By default, this function will:

  • Give each task a unique name

  • Give each task its own directory

  • Create a new JobDJ or TaskQueue

  • Run it with the provided tasks

  • Register the log files of any failed tasks with jobserver if using

    jobtasks

This can be used with either JobTasks or SubprocessTasks. SubprocessTasks will be run on a TaskQueue while JobTasks will be run on JobDJ.

Parameters
  • task_list (list of tasks.AbstractTask) – the tasks to run

  • autoname (bool) – whether to automatically give each task a unique name

  • basename (str) – basename to be used in autonaming each task. Has no effect if autoname is set to False

  • basedir (str) – Base directory; all task taskdirs will be created inside. Defaults to cwd, and relative paths will be taken relative to cwd.

Returns

the queue results, which can be used to generate a queue report.

Return type

QueueResults

schrodinger.tasks.queue.run_tasks_on_queue(task_list, autoname=True, basename=None, basedir=None, max_running_tasks=None)

Launch multiple SubprocessTasks on a TaskQueue.

See run_tasks_in_parallel for more details. :param max_running_tasks: specifies how many tasks can be run simultaneously :type max_running_tasks: int

schrodinger.tasks.queue.run_tasks_on_dj(task_list, dj=None, autoname=True, basename=None, basedir=None, auto_file_mode=AutoFileMode.FAILED_LOG, dj_init_kwargs: dict = None, dj_addJob_kwargs: dict = None, dj_run_kwargs: dict = None)

Launch multiple jobtasks on a jobdj. Use this function over run_tasks_in_parallel if you know you’ll be running jobtasks and you want to further customize how they’re run.

Parameters
  • dj (schrodinger.job.queue.JobDJ) – A JobDJ to run the tasks on. This is optional and useful if want a jobdj with specific settings.

  • autoname (bool) – whether to automatically give each task a unique name

  • basename (str) – basename to be used in autonaming each task.

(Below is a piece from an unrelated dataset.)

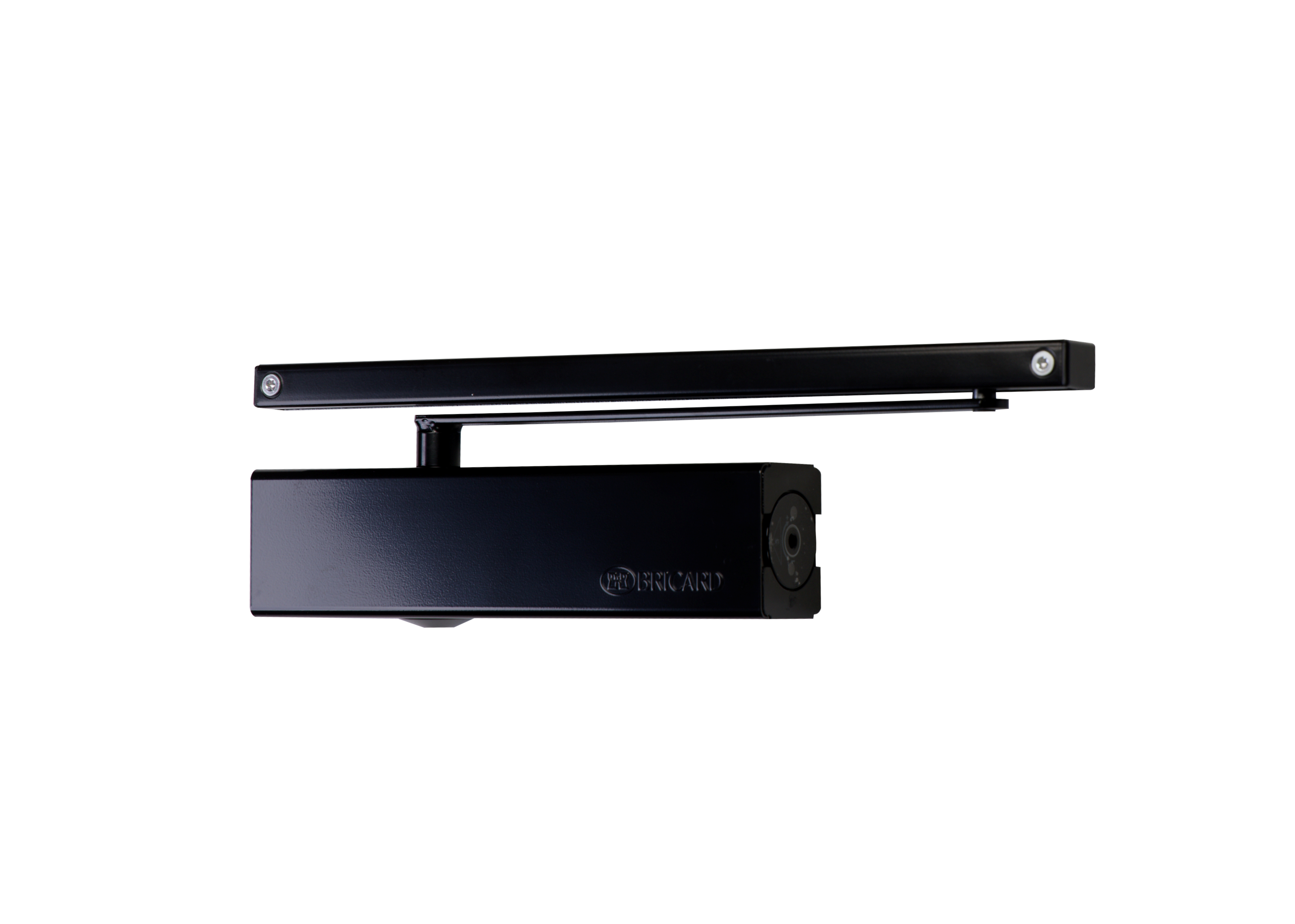 Bricard Ferme-porte hydraulique Noir. Force 1 à 3 (60kg), bras à glissière (anti-vandalisme), Conforme au marquage CE 0432. Pose rapide et aisée. 100% réversible pour toute configuration de pose. Apte à équiper un bloc porte coupe feu 2 heures, conforme à la norme EN 1154 et PMR.

Has no effect if autoname is set to False

  • basedir (str) – Base directory; all task taskdirs will be created inside. Defaults to cwd, and relative paths will be taken relative to cwd.

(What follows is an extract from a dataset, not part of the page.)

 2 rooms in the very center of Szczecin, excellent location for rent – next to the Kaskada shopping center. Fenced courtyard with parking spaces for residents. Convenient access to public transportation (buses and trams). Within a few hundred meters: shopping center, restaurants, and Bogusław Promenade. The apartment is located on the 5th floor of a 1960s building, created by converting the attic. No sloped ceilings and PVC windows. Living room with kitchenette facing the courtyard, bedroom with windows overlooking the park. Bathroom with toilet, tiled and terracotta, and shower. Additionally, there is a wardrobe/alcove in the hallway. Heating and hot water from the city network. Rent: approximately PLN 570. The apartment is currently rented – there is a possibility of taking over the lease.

  • auto_file_mode (AutoFileMode) – what subtask files to register with the parent job to be copied back by jobcontrol. Only has an effect if this function is called from inside a jobcontrol backend.

  • dj_init_kwargs – A dictionary of keyword arguments to pass to JobDJ.__init__

  • dj_run_kwargs – A dictionary of keyword arguments to pass to JobDJ.run

  • dj_addJob_kwargs – A dictionary of keyword arguments to pass to JobDJ.addJob for each jobtask.

schrodinger.tasks.queue.autoname_tasks(task_list, basename=None)

Sets unique names on all the tasks provided with an incrementing integer suffix. See run_tasks_on_dj for details.

schrodinger.tasks.queue.configure_taskdirs(task_list, autoname=True, basename=None, basedir=None)

Automatically configure task names and taskdirs to commonly used values.

Parameters
  • task_list (list of tasks.AbstractTask) – the tasks to run

  • autoname (bool) – whether to automatically give each task a unique name

  • basename (str) – basename to be used in autonaming each task. Has no effect if autoname is set to False

  • basedir (str) – Base directory; all task taskdirs will be created inside. Defaults to cwd, and relative paths will be taken relative to cwd.

schrodinger.tasks.queue.auto_register_files(task_list, auto_file_mode=AutoFileMode.FAILED_LOG)

Automatically registers files from the subtask with the parent job (if applicable).